“Radioactive sources are all around us, providing immense societal and economic benefits, but they can also pose a risk. Proper management of these sources protects us from accidental exposure to radiation and keeps it away from people with bad intentions,” IAEA Director General Rafael Mariano Grossi said at the opening of the International Conference on Radiation Safety. and the security of radioactive sources – achievements and future plans. Through a video message, the Chief Executive welcomed over 600 attendees to the five-day gathering, the first of its kind to be held since 2013. You can still register to attend the conference virtually as an observer.
Today, radioactive sources are used in many fields, including energy, medicine, industry, food and agriculture, and environmental monitoring and protection. The IAEA helps countries manage radioactive sources through the IAEA Safety Standards, the IAEA Nuclear Security Collection and the Code of Conduct on the Safety and Security of Radioactive Sources — a non-legally binding international instrument issued by the IAEA that provides international requirements and recommendations to help countries establish and strengthen national regulatory infrastructure. This includes advice on the management and protection of radioactive sources and on the development, harmonization and implementation of national policies, laws and regulations, as well as cooperation between countries.

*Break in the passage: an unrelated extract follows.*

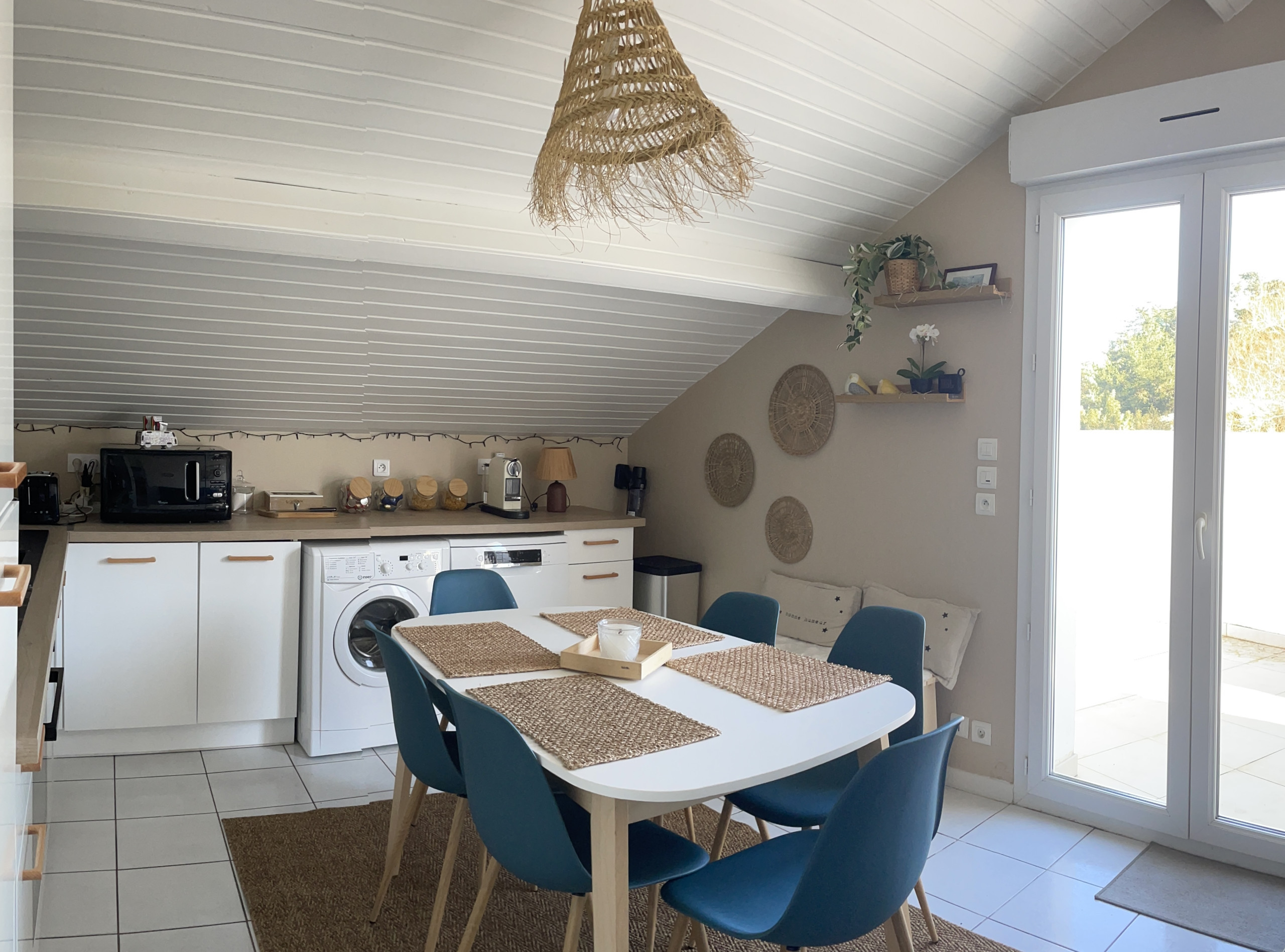 Die Unterkunft besteht aus einer separaten, eingerichteten und ausgestatteten Küche mit Elektroherd sowie der gesamten Küchenausstattung und Haushaltsgeräten, damit Sie sich wie zu Hause fühlen; Kühl-Gefrierkombination, Backofen, Geschirrspüler, Mikrowelle, Filterkaffeemaschine, Toaster, Zitrusspresse, Zerkleinerer und Wasserkocher. Ein Wohn-Esszimmer mit TV und WLAN-Zugang führt zur Holzterrasse von 45m² mit Außenmöbeln; Sonnenliegen und elektrische Markise. Ein Badezimmer mit separater Toilette vervollständigt die Vermietung. Ein Haartrockner, eine Waschmaschine und ein Reisebett stehen Ihnen ebenfalls zur Verfügung.

“As more and more people gain access to the enormous benefits of radioactive sources, the work that you and we do becomes even more important,” Grossi told conference attendees. Mr. Grossi said that 141 countries have so far expressed their political commitment to the Code of Conduct, making it the main international instrument defining the principles of safety and security of radioactive sources.
During the conference, which will take place from 20 to 24 June, participants will explore six main themes: issues of safety and security of radioactive sources throughout their life cycle; collaboration between national stakeholders; regulatory control of radioactive sources; the sustainability and effectiveness of national infrastructure, including lessons learned from the COVID-19 pandemic; international cooperation; and preparing for and responding to radiological incidents and emergencies involving radioactive sources.